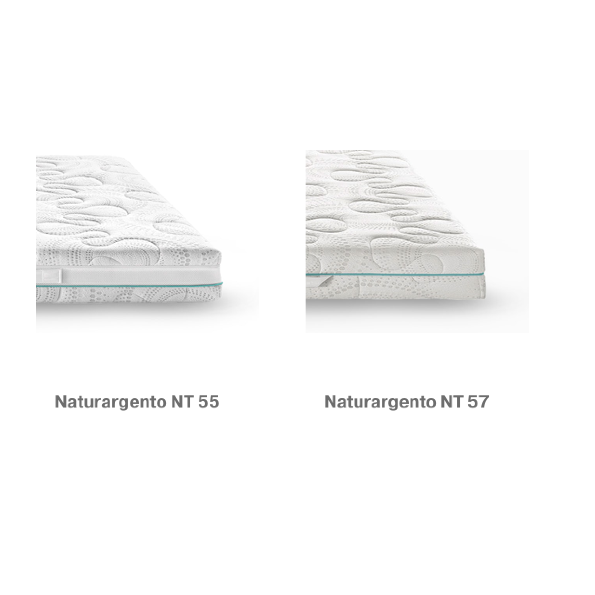 - NATURARGENTO NT55: imbottitura in fibra anallergica con zeoliti d’argento 420 gr/m² su entrambi i lati, sistema di aerazione Air inserito lungo il perimetro, maniglie in ecopelle, sfoderabile con cerniera sui 4 lati. Lavabile in lavatrice fino a 40°.
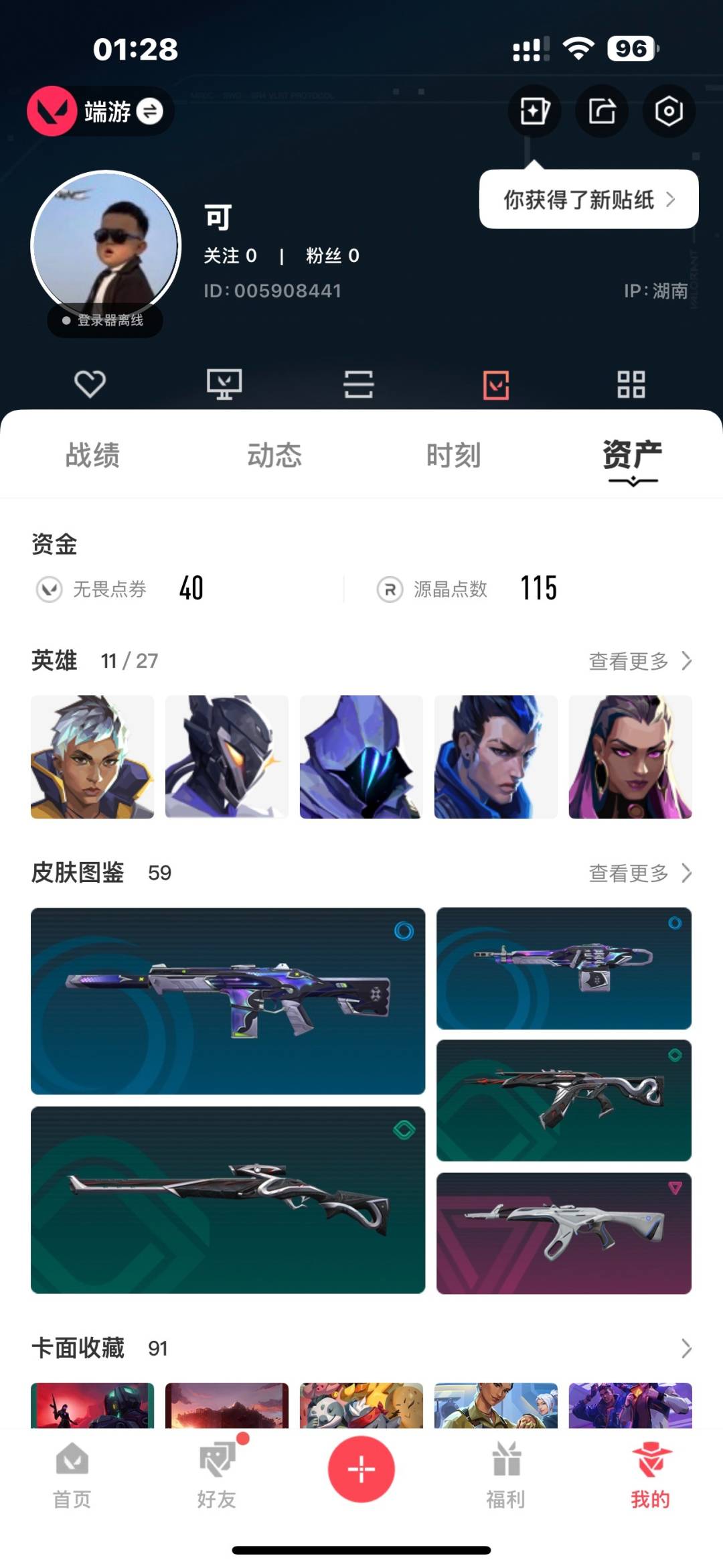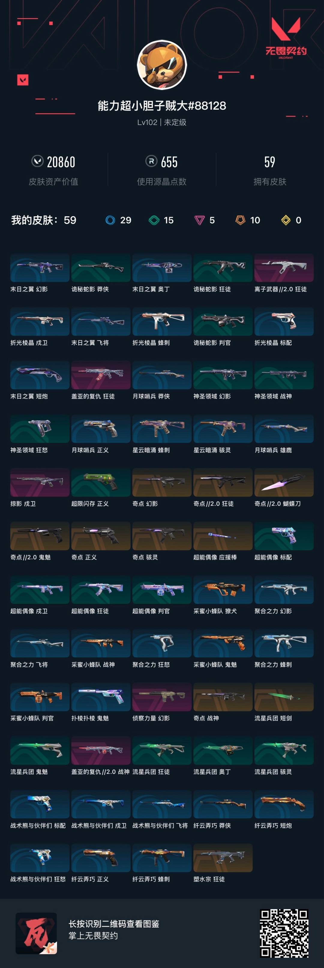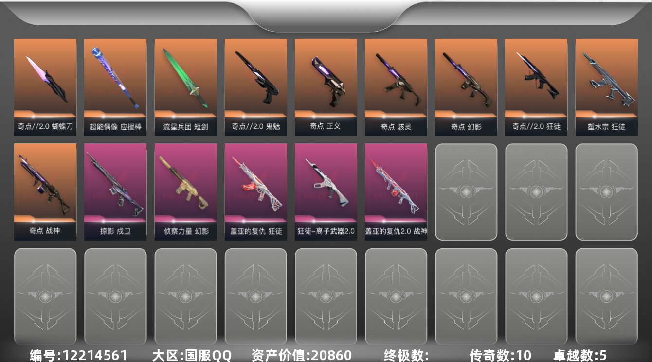 [12214561]10橙皮 5紫皮 59皮肤 11英雄 91卡面 655已用源晶 未定级 优质装备:奇点//2.0套装,正义-奇点,狂徒-塑水宗,幻影-奇点,狂徒-盖亚的复仇,幻影-侦察力量,狂徒-奇点//2.0,戍卫-掠影,骇灵-奇点,鬼魅-奇点//2.0,蝴蝶刀-奇点//2.0 步枪皮肤:狂徒-离子武器2.0 机枪皮肤:战神-奇点,战神-盖亚的复仇2.0 近战武器皮肤:短剑-流星兵团,超能偶像 应援棒
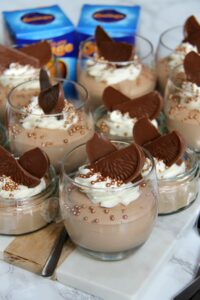 - Pipe/Spoon the Mousse into some Mixer Glasses, and leave to set in the fridge for 3-4 hours.
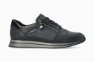 LEENIE van MEPHISTO: Een must-have voor alle sneakerfans. De voering is van leer met een vleugje textiel voor extra comfort. Deze zwarte damessneaker is gemaakt van glad generfd leer over de hele voet, met inzetstukken van metallic leer met glittereffect en gekreukt lakleer.
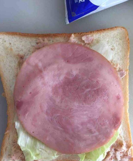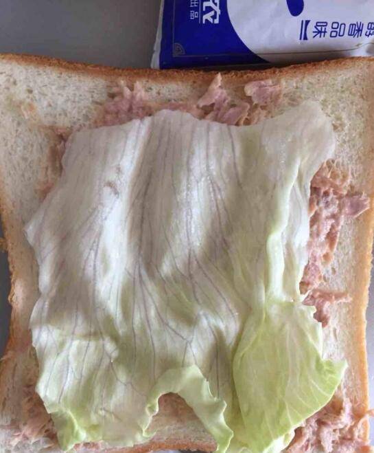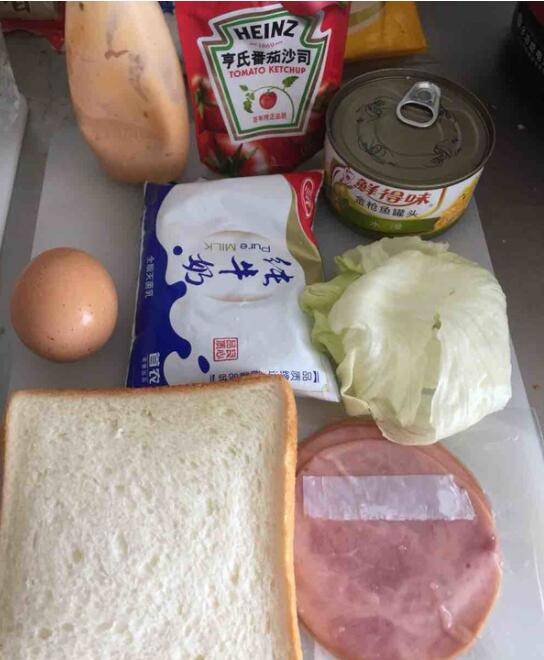 1、准备材料:面包片2片、火腿3片、金枪鱼罐头1勺、鸡蛋1个、牛奶适量、生菜1片、千岛酱1茶匙、番茄酱1茶匙。
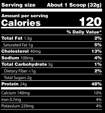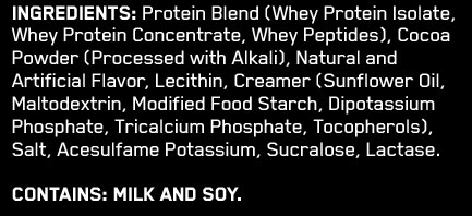 Ингредиенты: протеиновая смесь (изолят сывороточного протеина, концентрат сывороточного протеина, сывороточные пептиды), искусственные ароматизаторы, лецитин, ацесульфам калия.
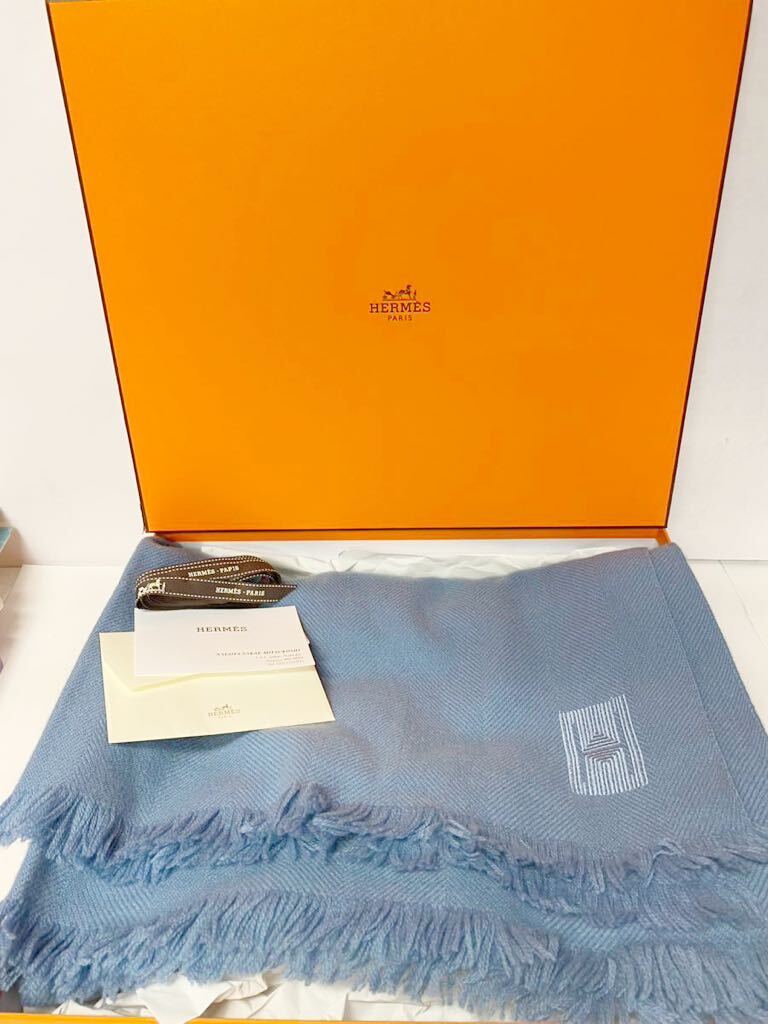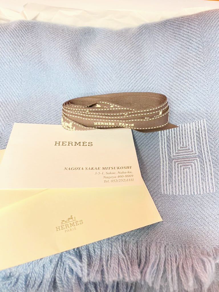 新品・未使用 定価18万 HERMES エルメス カシミア 大判マフラー ストール 箱/カード

PROBLEM REQUIREMENTS> Give the entries above again word for word, without any pictures.

ANSWER SECTION>
 - NATURARGENTO NT55: imbottitura in fibra anallergica con zeoliti d’argento 420 gr/m² su entrambi i lati, sistema di aerazione Air inserito lungo il perimetro, maniglie in ecopelle, sfoderabile con cerniera sui 4 lati. Lavabile in lavatrice fino a 40°.
 [12214561]10橙皮 5紫皮 59皮肤 11英雄 91卡面 655已用源晶 未定级 优质装备:奇点//2.0套装,正义-奇点,狂徒-塑水宗,幻影-奇点,狂徒-盖亚的复仇,幻影-侦察力量,狂徒-奇点//2.0,戍卫-掠影,骇灵-奇点,鬼魅-奇点//2.0,蝴蝶刀-奇点//2.0 步枪皮肤:狂徒-离子武器2.0 机枪皮肤:战神-奇点,战神-盖亚的复仇2.0 近战武器皮肤:短剑-流星兵团,超能偶像 应援棒
 - Pipe/Spoon the Mousse into some Mixer Glasses, and leave to set in the fridge for 3-4 hours.
 LEENIE van MEPHISTO: Een must-have voor alle sneakerfans. De voering is van leer met een vleugje textiel voor extra comfort. Deze zwarte damessneaker is gemaakt van glad generfd leer over de hele voet, met inzetstukken van metallic leer met glittereffect en gekreukt lakleer.
 1、准备材料:面包片2片、火腿3片、金枪鱼罐头1勺、鸡蛋1个、牛奶适量、生菜1片、千岛酱1茶匙、番茄酱1茶匙。
 Ингредиенты: протеиновая смесь (изолят сывороточного протеина, концентрат сывороточного протеина, сывороточные пептиды), искусственные ароматизаторы, лецитин, ацесульфам калия.
 新品・未使用 定価18万 HERMES エルメス カシミア 大判マフラー ストール 箱/カード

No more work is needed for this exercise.